The first day saw only 50 applicants, but by the final day over 842 girls were registered. The selection criteria focused on a girl's appearance, with measurements of the chest, waist, hips, leg and neck length factored into the evaluation scheme.
Besides the physical elements, contestants were also required to give a performance for the judges and elaborate on their own ideas of what constitutes beauty. By early May, 300 young women had made the cut and were set to parade into the quarter-final of the contest.
The next round of competition required the contestants to wear bikinis. Each hopeful was required to walk toward the panel of judges and then return backstage.
Though it may seem tame now, this round was later described by Time Magazine as a "great challenge to the traditional concepts and remnants of feudal ideology." Zhao confessed, "The requirement was too bold I know, but at the same time, people witnessed a change in Beijing." After this round, 50 of the young women stood out from the crowd.
At the beginning of the contest only a few media outfits, including the sponsoring magazine Contemporary Television, reported on the competition, but later, as word spread, more media from home and abroad came to cover the story.

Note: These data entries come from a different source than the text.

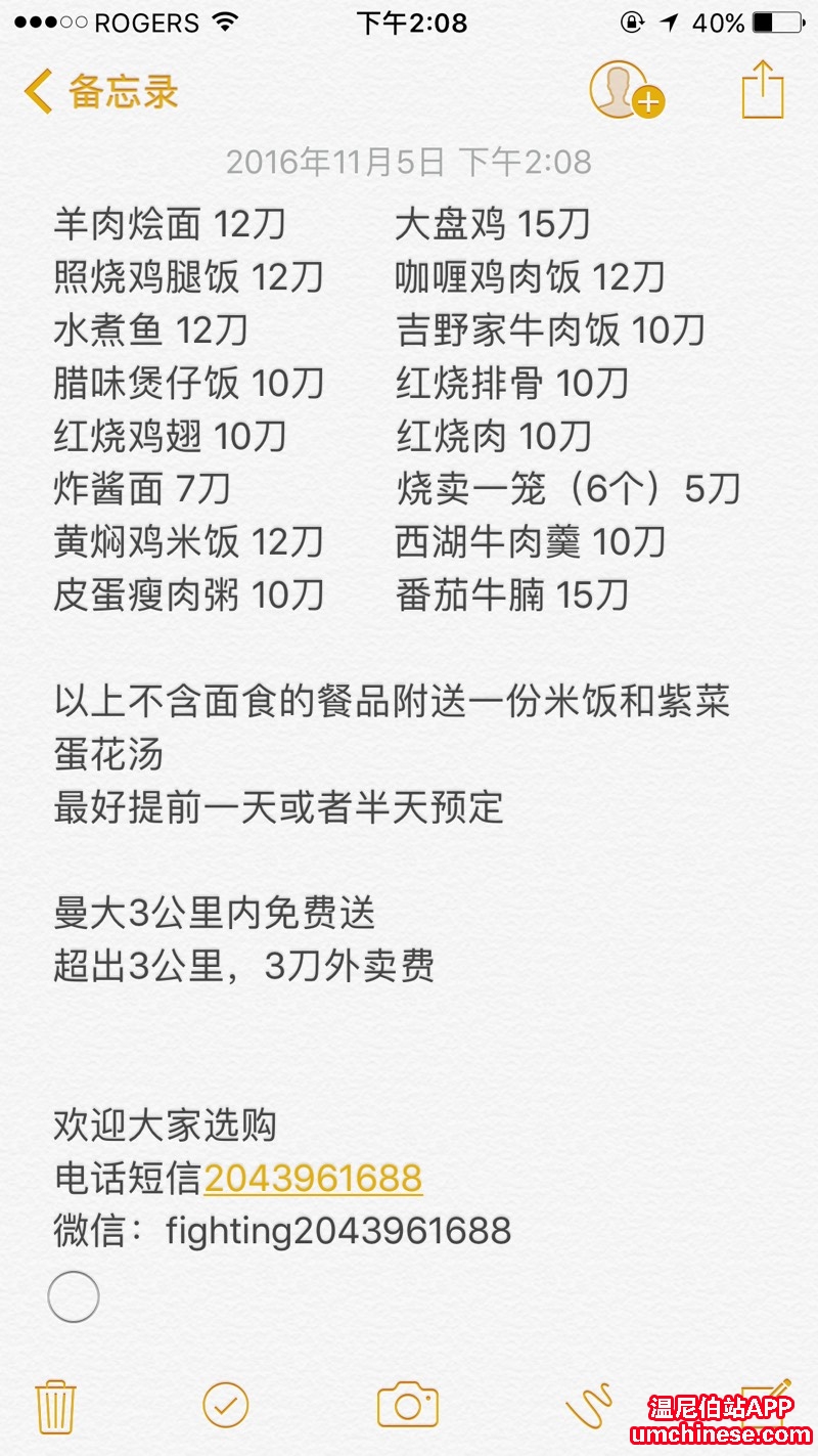 食材都是用最新鲜的,从Costco,superstore,还有各大华人超市选购,现点现采购,所以希望各位宝宝们能够提前一天或者半天预定,保证定时定点送到,让各位宝宝们不会饿着肚子等送餐 加我微信,每天更新一道招牌菜 ...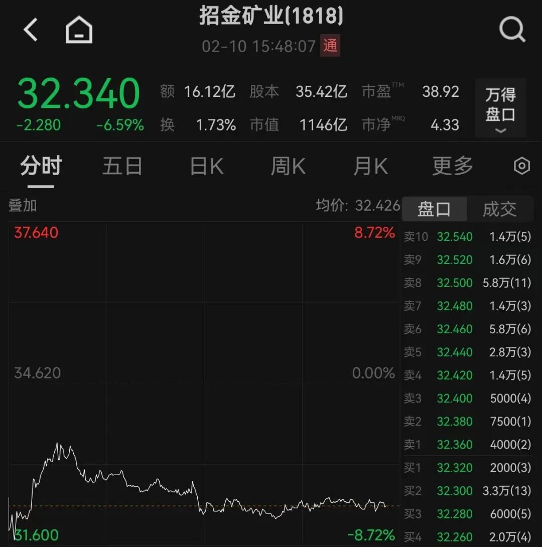 千亿黄金股盘中大跌8% 旗下金矿坠罐事故致7人死亡,企业涉嫌瞒报 包括矿长在内的11人已被控制!企业最新回应→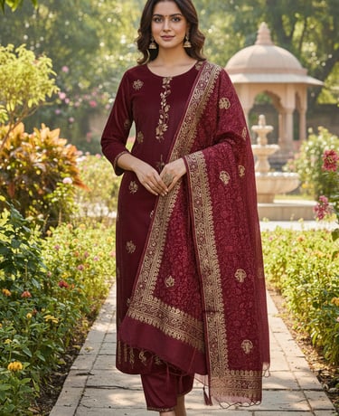Explore our unique collection of handcrafted suits and sarees inspired by Indian tradition and artistry.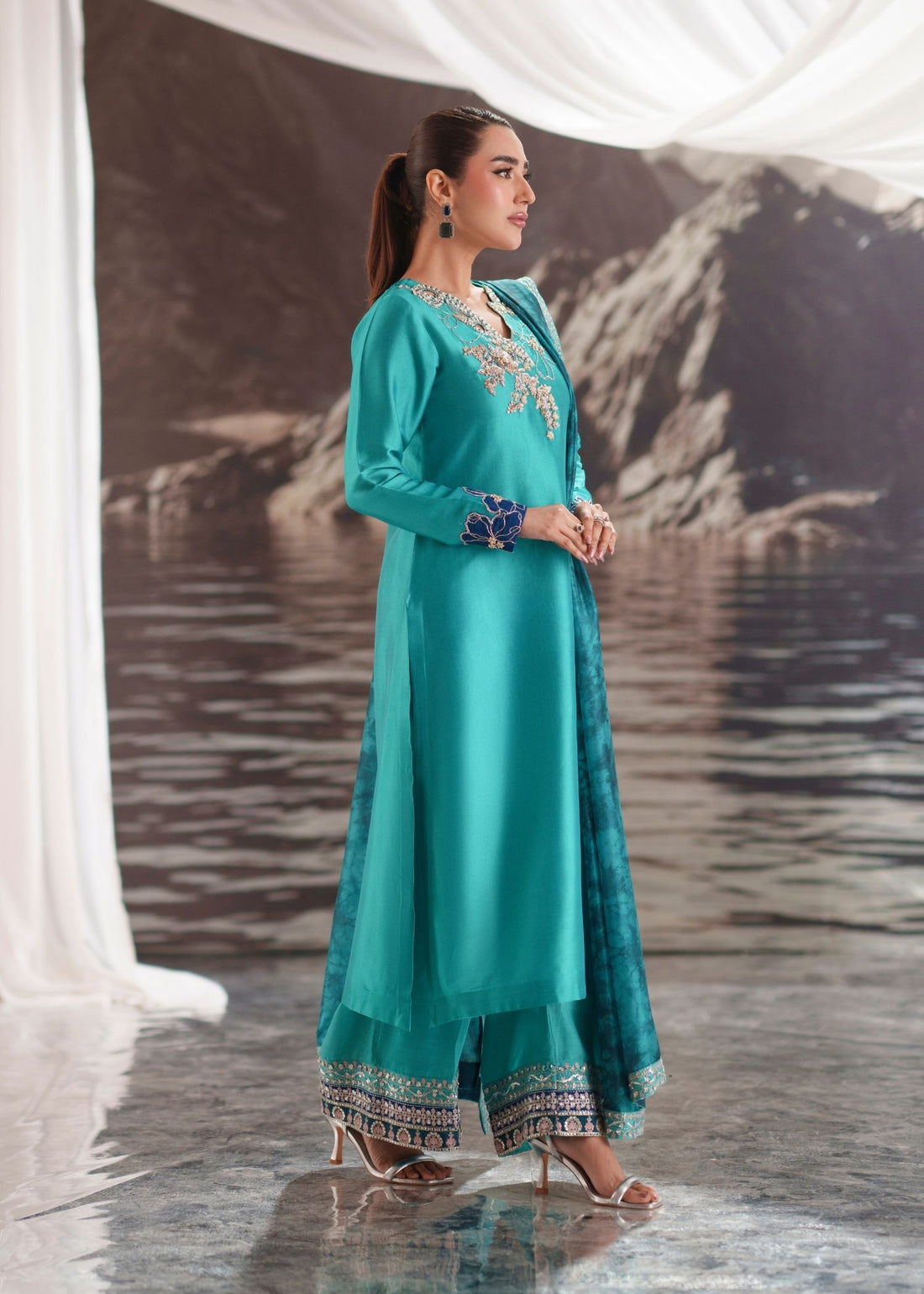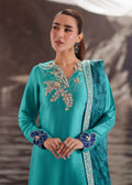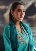 Lumi is crafted in pure Shesha silk in a vibrant turquoise tone. Styled with a raw silk embroidered trouser and a silk printed dupatta, the ensemble highlights refined detailing and year-round elegance.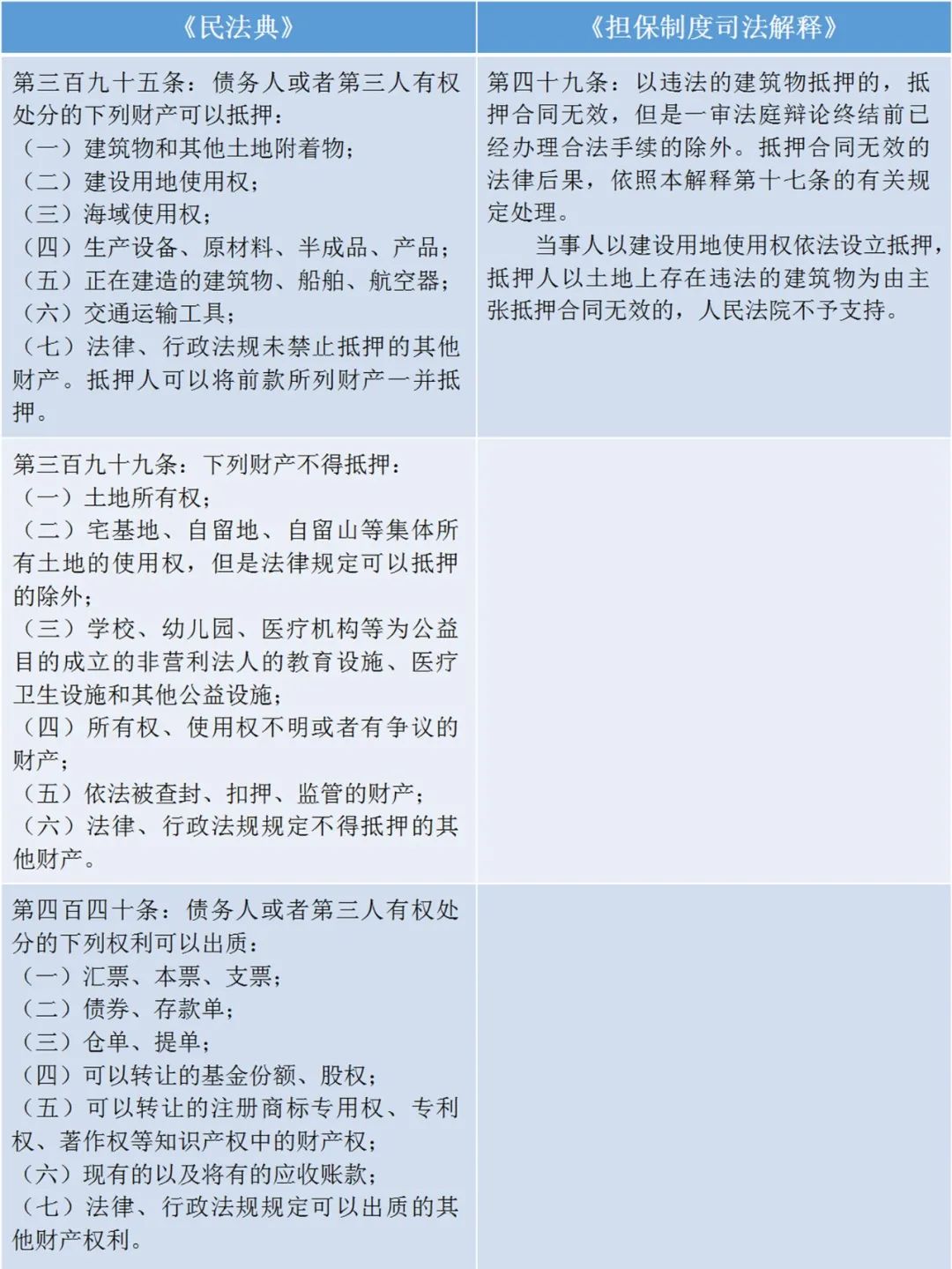 (4)從擔(dān)保物的合法性方面認(rèn)識,《民法典》以列舉的方式,規(guī)定了可以抵押和出質(zhì)的財產(chǎn)種類,以及不得抵押的財產(chǎn)種類,同時也都規(guī)定了兜底性條款。若違反法律規(guī)定以不得設(shè)定擔(dān)保的對象進行抵押的,抵押合同無效,此情形下的擔(dān)保責(zé)任依據(jù)《擔(dān)保制度司法解釋》第十七條進行分配,擔(dān)保人無過錯的,擔(dān)保人不承擔(dān)賠償責(zé)任。其中關(guān)于以違法建筑物設(shè)定抵押的,依據(jù)促進合同履行的原則,只要在一審法庭辯論終結(jié)前已經(jīng)辦理合法手續(xù)的,該抵押合同有效。法條鏈接: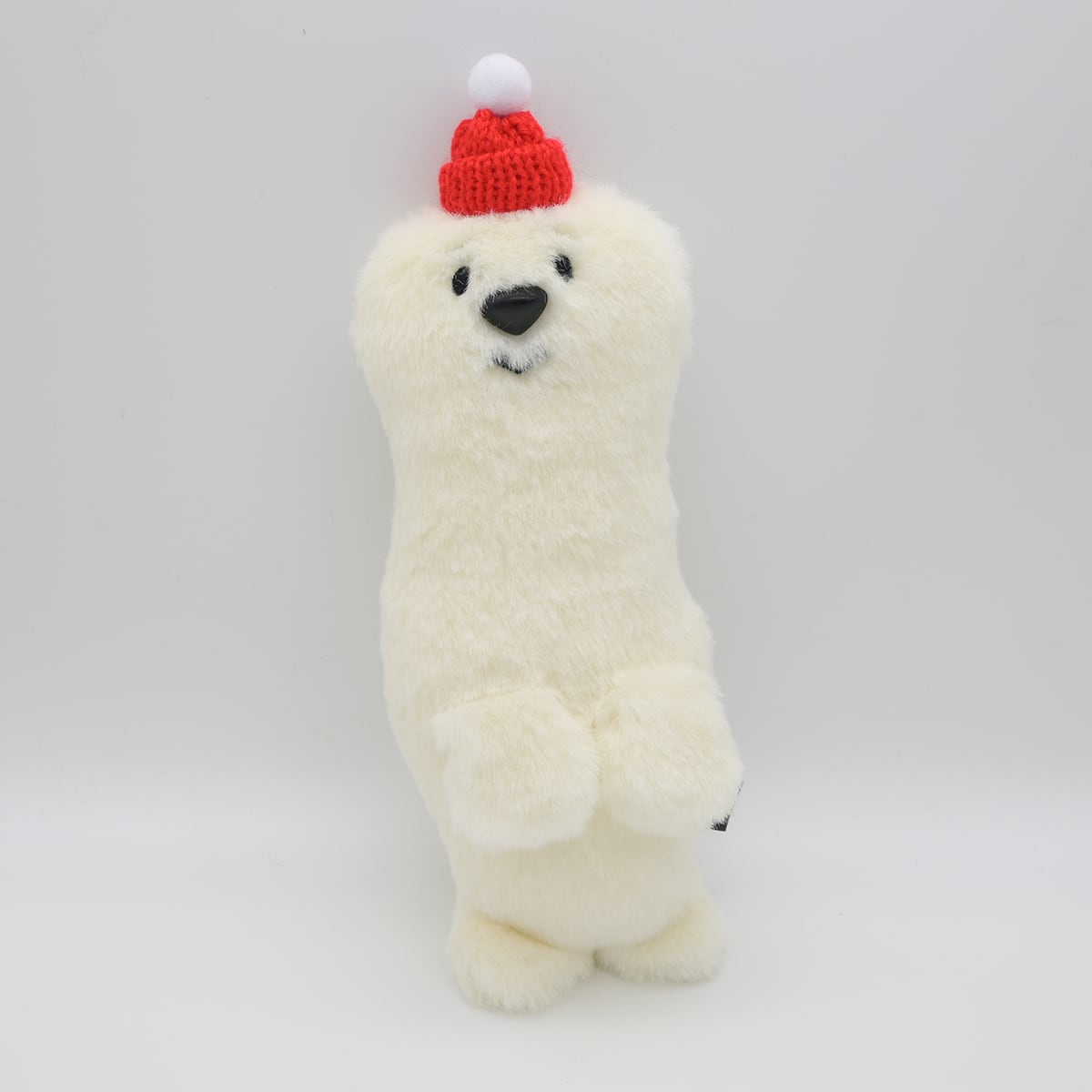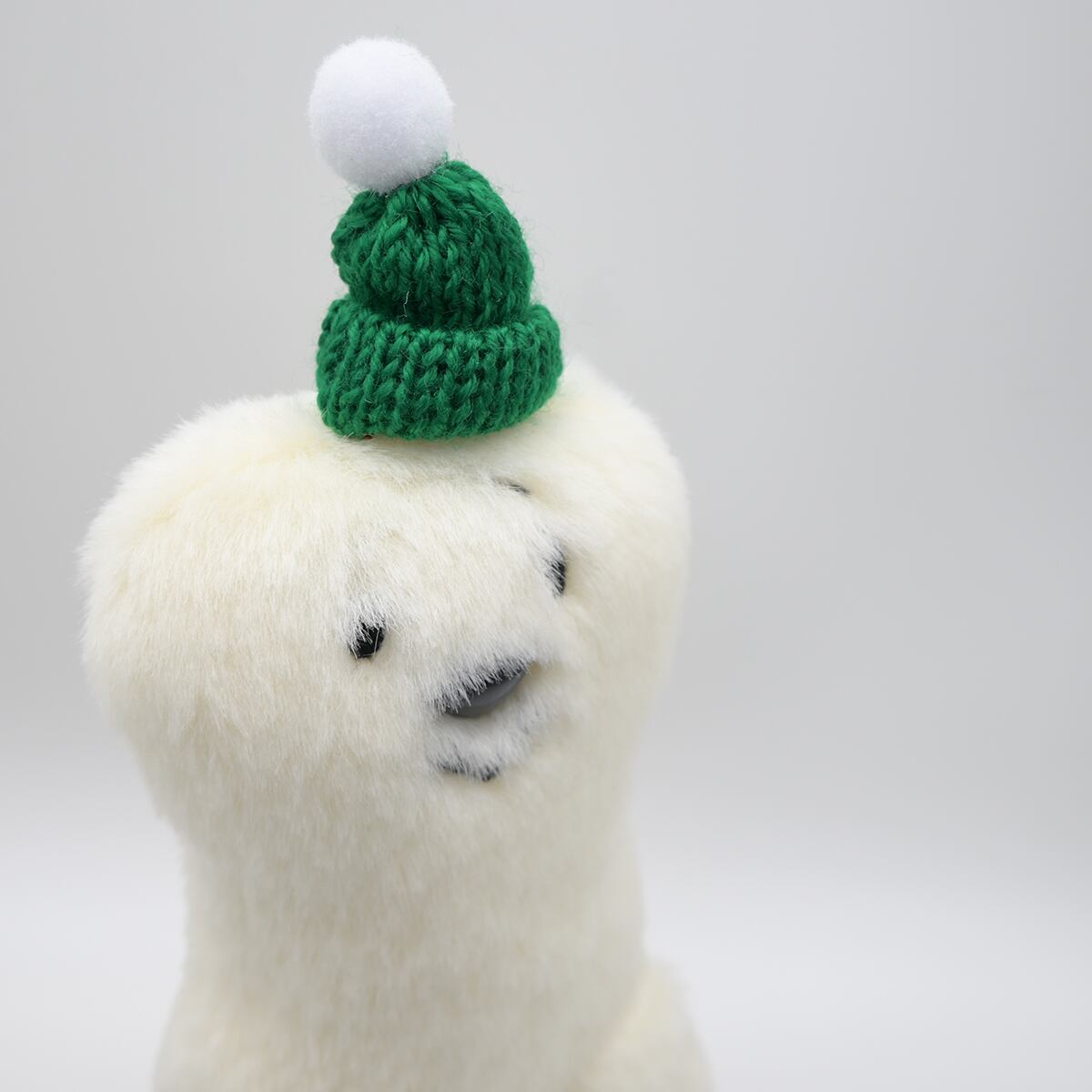 ニットの帽子は本体と糸で仮縫いで取り付けています。クリスマスが終わったら、外してあげても良いかもしれません。

Imitation is the greatest form flattery they say, and the brain child of the three friends soon provoked a wave of even more flashy beauty contests across the country.
Exposure to a wider range of people was good news for organizers, but at the same time governmental bodies also began to take the phenomenon seriously. A similar event planned for Shanghai was announced, then canceled, by the Shanghai authority, and governmental financial pressures were the twin swords that forced the Beijing contest to end prematurely as well.
At a low-key closing "tea party", the judges selected 13 of the 50 young women to be honored as "impressive competitors" "The tea party was not broadcast by any media and the result of the contest and the names of all the 13 outstanding young women went unpublished," recalled Jiang.
Failure as part of success
As it turned out, the aborted competition got people here to re-consider the beauty pageant concept. "A beauty contest is not only about outer beauty, it is also about inner beauty," asserts Zhao. Though the competition named no "Flower of Beijing", Zhao recalls competitors at the "tea party" were bonded by the experience and "many of the girls cried and hugged each other afterwards." He believes most of them formed friendships destined to last a lifetime.
The competition ignited in the young contestants a great enthusiasm for "allowing girls to be girls," concluded one participant. Although the contest could be described as a failure in the end, it is still remembered as a social milestone - the nation's first beauty pageant in the 39 years since the founding of new China in 1949.